How best to discover?
Fred Wilson wrote yesterday about his preference for Last.fm over Pandora. His reasoning and others’ comments on the post reflect a sort of divide amongst online music consumers over what approach provides the best means for music discovery.
Last.fm is an internet music service that employs a “myware” application to track what you listen to on iTunes (or similar) and then (1) creates an internet radio station that reflects your preferences (similar to LAUNCHcast and MusicMatch’s old Radio MX service), and (2) points you to music “neighbors” (i.e. other users) on the network who share your preferences. You can then tune into your own personalized station – or those of neighbors – to discover new music.

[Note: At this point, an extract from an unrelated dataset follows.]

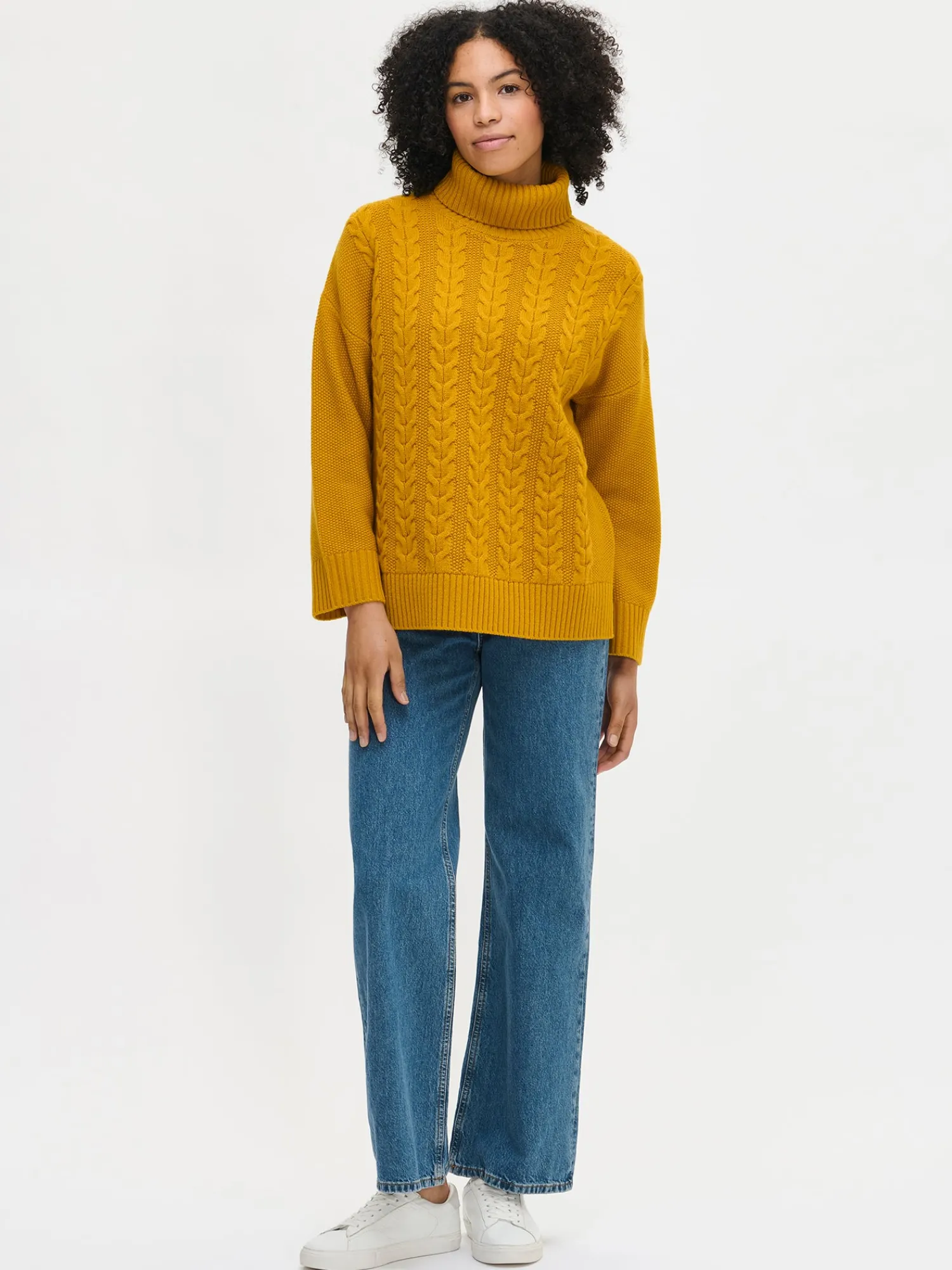 Naisten rento keltainen Palmikko-neulepusero poolokauluksella. Muotoonneulotussa neulepuserossa on pystykaulus, pudotettu olkalinja, täyspitkät hihat ja sivuhalkiot. Hihansuissa ja helmassa on resori. Neulepuserossa on kaunis neulottu palmikkokuvio ja sen pituus koossa M on noin 66 cm. Neulos on pehmeän ja miellyttävän tuntuista villa-polyamidi sekoitetta. Tuotteen valmistuksessa on käytetty sertifioitua villaa.

Collaborative filtering is applied to what you’re actually listening to vis-a-vis what others are listening to in order to suggest music and people that are a good “match” for you, presented in playlists streamed from a central database of content.
In constrast, Pandora – formerly known as Savage Beast and created through the Music Genome Project – employs people to analyze songs on a variety of musical attributes (e.g. melody, rhythm, instrumentation, etc). Listeners enter an artist name in a web-based application that will then play music that is similar to that from the noted artist, based on these assigned attributes. Songs are classified not on an overall basis (as one might do so with genres) but rather on a number of individual traits; taken together, these help guide a listener to music that is sonically similar to certain known music of interest, again presented in playlists streamed from a central database of content.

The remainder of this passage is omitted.